Auvi-Q, an auto-adrenaline-injection system that’s similar to EpiPen and was recalled last fall, safely returns to the market by February 14, according to manufacturer Kaleo Pharma. The regular price will be $360, but there will be two different ways to get Auvi-Q for free.
Anyone with health insurance—including those with high-deductible plans—will be provided with Auvi-Qs at no cost out of pocket. The product will also be free of charge to patients without insurance who live in households with annual income under $100,000. Considering that the vast majority of Americans have insurance, and those who don’t are highly likely to be poor, it seems like these provisions would cover nearly everyone.

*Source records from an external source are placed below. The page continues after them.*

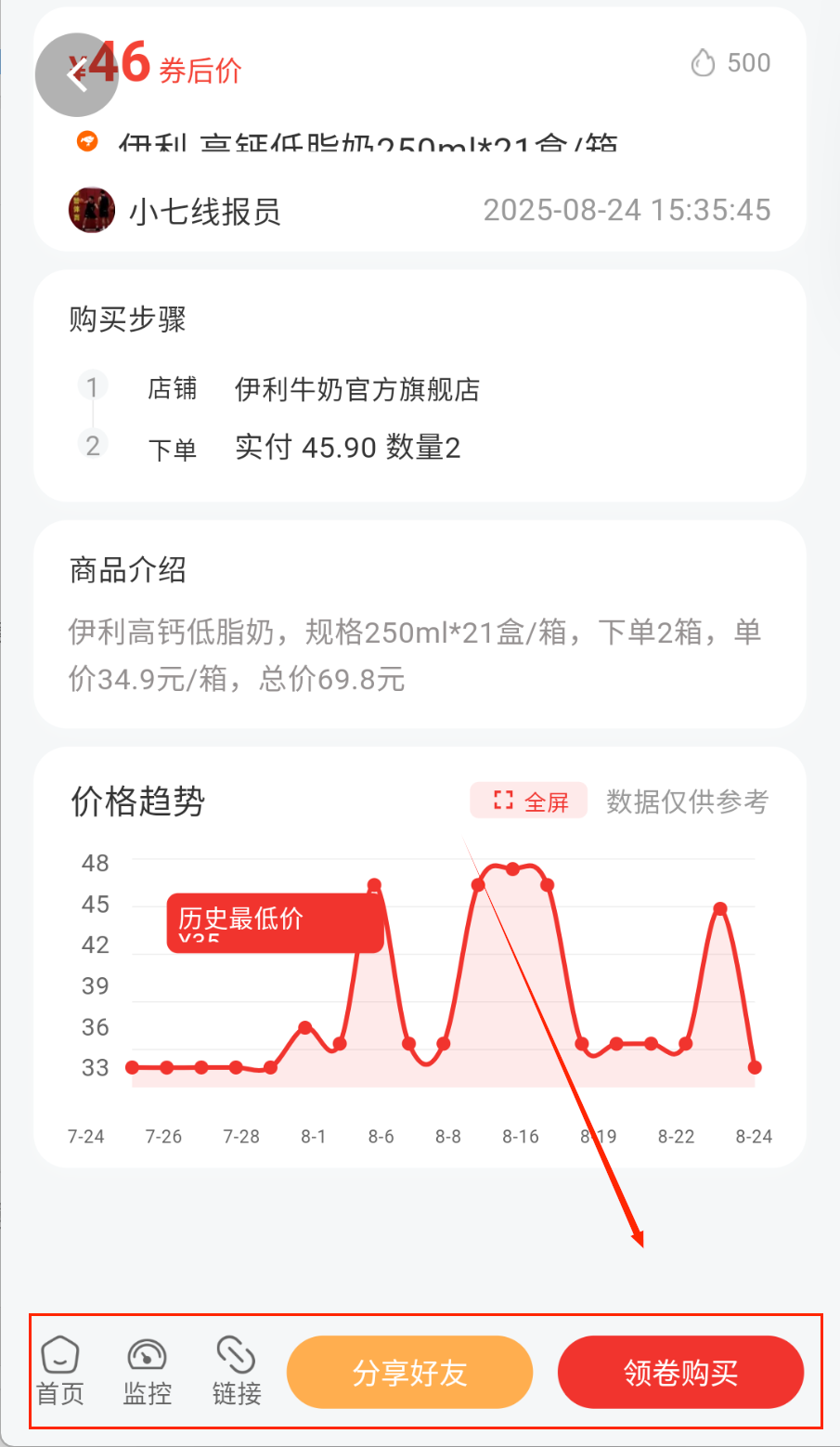 2、实时的价格监控跟踪商品价格波动,及时提醒最佳购买时机。优惠券自动匹配功能最大化节省开支,享受叠加优惠。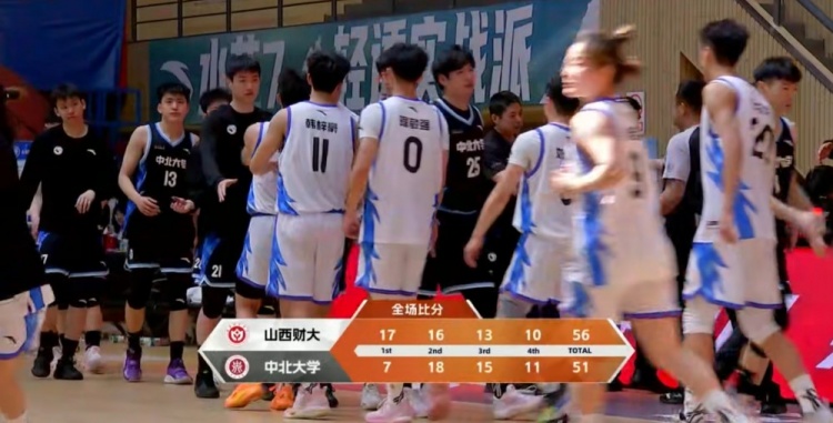 末节比赛,双方在前三分钟的时间里都未能取得运动战进球,只有山西财大通过罚球拿到两分,糟糕的进攻表现让中北大学难以获得逆转比赛的机会,最终山西财大56-51力克中北大学。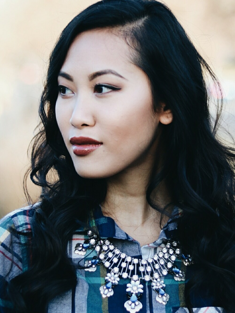 Add a statement necklace to a casual shirt to amp up your style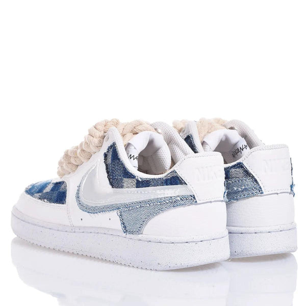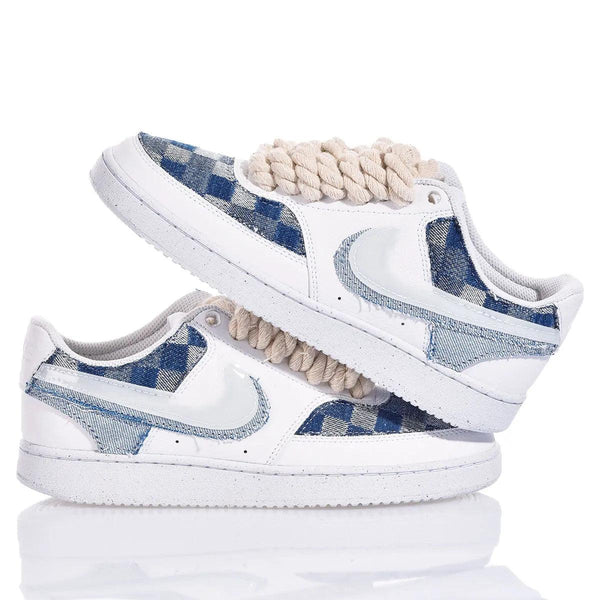 Nike Denim Check è la sneakers custom da uomo pensata per chi cerca un tocco di stile unico! Il denim a scacchi su lato e punta e il retro in denim chiaro creano un mix di eleganza casual, mentre il doppio swoosh in denim e PVC bianco opaco dona un effetto moderno e raffinato. I maxi lacci in corda panna e gli occhielli gancio trekking non sono solo funzionali, ma aggiungono anche un elemento di tendenza, per un look sporty-chic che si distingue. Ideale per chi ama il comfort senza rinunciare alle tendenze!

Spencer Williamson, president and CEO of Kaleo, told reporters on Thursday, “No epinephrine auto-injector, branded or even generic, will cost a commercially insured patient less out of pocket than Auvi-Q.”
The new product release comes after months of bad publicity for Mylan, the maker of EpiPen, which came under fire last summer for gouging customers with $600+ retail prices for its lifesaving product, an auto-injection adrenaline system that wards off anaphylactic shock during a severe allergy attack. After being bashed by parents, politicians, and consumer watchdogs for jacking prices up 500% over a decade, Mylan has offered more generous coupons and introduced a generic EpiPen in recent months.
But Mylan may lose its near-monopoly on the allergy prescription market anyway, as a variety of alternatives hit the scene and undercut the company on pricing. CVS Health recently said that it will sell a generic version of an EpiPen alternative known as Adrenaclick at a list price of $110 for a two-pack. Once this coupon is factored in, $100 will be deducted from the price and most customers will pay only $10.
But once Kaleo’s free EpiPen alternative is available, even paying $10 may seem like too much.